雑記 2024/02/19
心の栄養が足りてない。仕事疲れにエックスを開いてポリコレだのフェミニズムだのAIだの鬱屈としたポストを眺めて「日本が…ビッグブラザーが…」と未来を憂うポエマーみたいな気持ちになるのがこの一年間のマイブームだった気がする。疲労と寝不足でスポンジみたいになった脳味噌にはそういう邪悪な刺激がジンジンと行き渡って気持ちがいいものだ。
そんな悪習慣を絶とうと思ったのは昨年末ごろのことだった。ある日フレンドから仲良しグループのdiscordサーバーに招待された。そこではメンバーがみな名作映画を履修しており、しかも思い思いに自分が好きな作品を語っている。その時自分の浅はかさが非常に恥ずかしくなった。別に他のメンバーより観た作品数が少ないこと自体を恥じたのではない。それよりも自分が如何に小さい世界であれこれ考えをこねくり回していたのだろうと、そういう点で恥を覚えたのだ。
その時ふと小学校で散々聞いたこのフレーズを思い出した。「読書は心の栄養」。俺は今、心の栄養が足りていない。ここずっと小説の筆が進んでいなかったのもそれが原因かもしれない。
そういうわけで今年からはスキマ時間はなるべくエックスではなくkindleで買い溜めた漫画を読むようにしている。自宅に帰ったら晩ごはんを待つ間等の時間は紙の本を読むようにしている。
以下、ここ最近読んだり見たりした作品をピックアップ。
トヨタが北米を席捲する時
※上記リンクは題名が改定されたものです
1970年にお蔵入りした幻のトヨタ7。そのトヨタ7が10年の時を経てアメリカのカンナムにリベンジする!…というお話。
「あれ?70年以降のトヨタ7の情報が調べても見当たらないぞ?」そう思ったあなたはご明察。実は本作、プロジェクトXみたいな実話ドキュメンタリーに見えますが完全空想のSF小説なんです。
自動車をチームで組み上げていく喜び、後半のレースの緊張感…そういった場面が分かりやすく描かれ、程よくカジュアルなトーンで物語が進みます。劇的に感動するシーンや人生の教訓になる場面というのはあまり登場しませんが、その分グランツーリスモのように肩の力を抜いて読める娯楽小説です。
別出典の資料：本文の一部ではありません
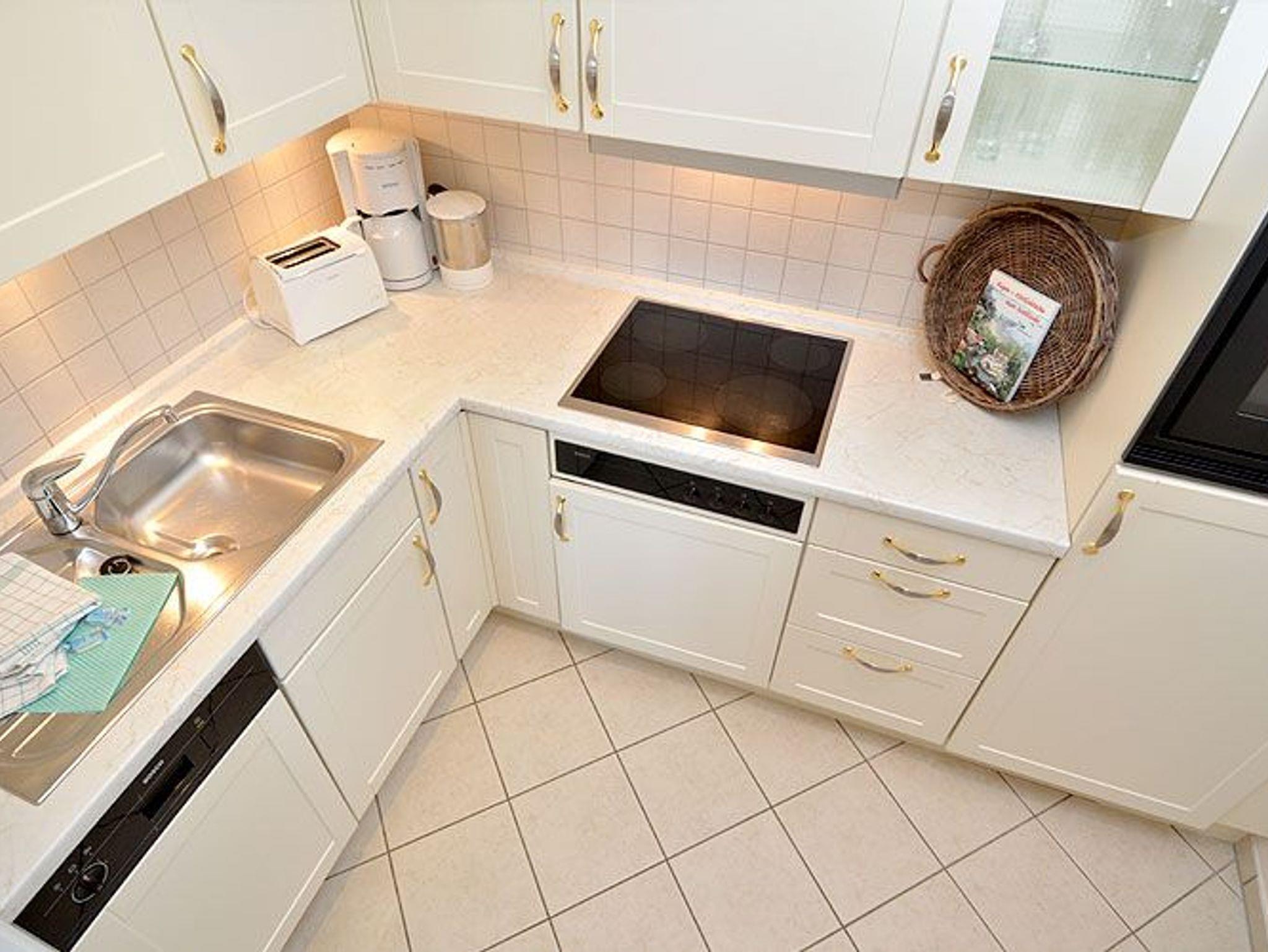 Die separate Küche ist ausgestattet mit einem Kühlschrank mit Gefrierfach, einem 4-Platten-Ceranfeld, einer Spülmaschine, einer Mikrowelle mit Grillfunktion und diversem Kleininventar, das die Küchenausstattung komplettiert.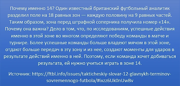 Важным компонентом в реализации планов по вскрытию обороны Уфы была доставка мяча в так называемую зону 14, в которой находились Уткин и Берг. Игра через этот территориальный отрезок очень важна и именно из нее создавалось много опасных моментов (ключевые передачи и удары по воротам).

カンナムシリーズが始まるのは物語の後半からですが、トヨタに立ちはだかるライバルはやはりと言うべきかポルシェ(笑)。湾岸ミッドナイトやMFゴースト然り、日本人は妙にポルシェをフェラーリ以上の王者に見立てるのが好きですよね(実際速かったらしいけど)。
作者は当時「トヨタは大衆車ばかりじゃかいことをレースで思い知らせてほしい!」という気持ちでこの本を書いたそうですが、今やGRヤリスやスープラが活躍して現実になってくれたのは嬉しいことです。
勇気爆発バーンブレイバーン
第6話もオンエアされ、いよいよ物語も折り返しといったところ。放送開始当初「アーマードコアに見せかけたスーパーロボットもの」「自分を勇者ロボだと思い込んでいる変質者」ということでバズっていたので、「またマミった系イロモノかぁ」とそれほど期待していなかった。
ところが意外や意外、物語はネットで騒がれているよりも至極真っ当な王道ストーリーではないか。
ブレイバーンのイサミへの偏執ぶりは相変わらずだが、知見と実力を持った彼をリーダーとして、一つの目標に向かって多国籍軍が纏まってゆく様はかなりアツい。
その他にも揺れ動く人間ドラマ、謎の美少女、なおざりにされていないミリタリー要素、ちょっと背伸び感ある英語スラング…一見するとそれぞれの要素がチグハグな闇鍋に見えるが、それらが全て纏まって一つの物語として成立している。
様々な要素を足した「合わせ出汁」モノは10年代以降のトレンドだが、その複雑さ故に成功の裏で失敗した作品もかなり多い。そしてこの「ブレイバーン」は今のところ成功しているのではなかろうか。